"We're fated to be brought together," she said.
"How did you know I was at The Shrubbery?"
Valerie raised her eyebrows.
"Betty's my oldest friend," she replied.
Lyveden swallowed the suggestio falsi without a thought. Indeed, so soon as she had spoken, his mind sped back, bee-like, to suck the honey of her previous words: "We're fated to be brought together." Fated….
The moon was up now, and he lifted his eyes and gazed at its clear-cut beauty. A power, then, greater than he had ruled against his resolve. Why? To what end? It was very kind of the power—at least, he supposed it was—but what was to come of it?
He had wandered straight into her arms. Very good. But—he and she could not stroll upon this terrace for ever.
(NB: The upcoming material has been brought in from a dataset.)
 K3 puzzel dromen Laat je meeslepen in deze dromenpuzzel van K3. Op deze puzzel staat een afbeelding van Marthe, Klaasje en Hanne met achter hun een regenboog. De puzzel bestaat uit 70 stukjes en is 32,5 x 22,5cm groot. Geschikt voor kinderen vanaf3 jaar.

The relentless rubric of Life insisted that he must move—whither he chose, of course, but somewhither. The truth was, he did not know which way to turn. His heart pointed a path, certainly—a very precious path, paved all with silk, hung with the scent of flowers, shadowed by whispering plumage…. His head, however, beyond denouncing his heart as a guide, pointed no way at all.
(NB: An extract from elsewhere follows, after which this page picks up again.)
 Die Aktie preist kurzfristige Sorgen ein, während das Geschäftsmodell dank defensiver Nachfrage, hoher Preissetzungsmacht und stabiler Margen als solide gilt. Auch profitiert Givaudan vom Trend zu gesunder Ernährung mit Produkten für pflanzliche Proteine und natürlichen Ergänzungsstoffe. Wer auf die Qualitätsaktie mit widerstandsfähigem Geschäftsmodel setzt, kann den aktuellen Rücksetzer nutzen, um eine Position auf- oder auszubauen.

Anthony wanted desperately to do the right thing. Fortune, it seemed, was at her old tricks. Here she was handing a palace to a beggar who had not enough money to maintain a hovel. It would not have been so hopeless if he had possessed "prospects." With these in his pack, he might have essayed the way his heart showed him. They were, however, no part of a footman's equipment….
Anthony began to wonder what became of old footmen. One or two, perhaps, became butlers. As for the rest…
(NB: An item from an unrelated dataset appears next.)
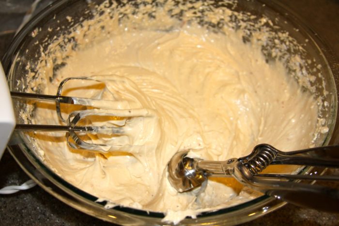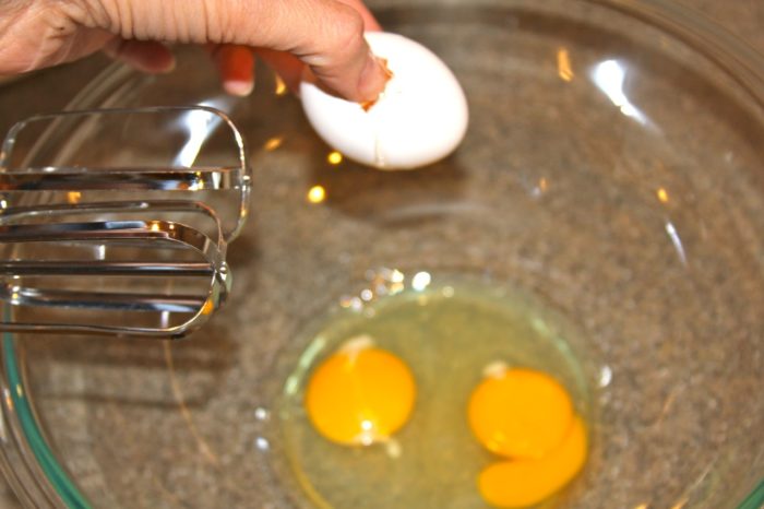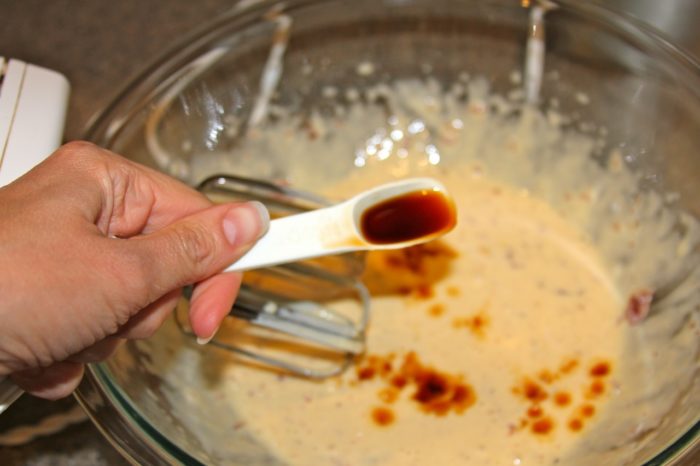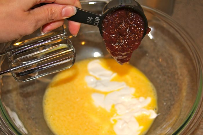 2. In a large mixing bowl beat eggs,add sour cream, jam, buttermilk, vanilla, and almond extract beat until smooth.

Valerie, too, was in some perplexity. She was wondering, now that she had her man here, how best to deal with him. Pride and honour make up a ground which must be trodden delicately. One false step on her part might cost them both extremely dear. Her instinct was to take the bull by the horns, Anthony by the arm, and Time by the forelock. The last of these was slipping away—slipping away. She was actually twenty-six. In a short fourteen years she would be actually forty. Forty! For a moment she was upon the very edge of exercising the privilege of a sovereign lady who has fallen in love. All things considered, she would, I think, have been justified. Something, however, restrained her. It was not modesty, for modesty had nothing to do with the matter. It was not the fear of rejection, for she was sure of her ground. It was probably a threefold influence—a rope, as it were, of three stout strands. The first was consideration for Anthony's pride; the second, an anxiety lest she should beggar him of that which he prized above rubies, namely, his self-respect; the third, an innate conviction that while the path of Love may look easy, it is really slippery and steep out of all conscience.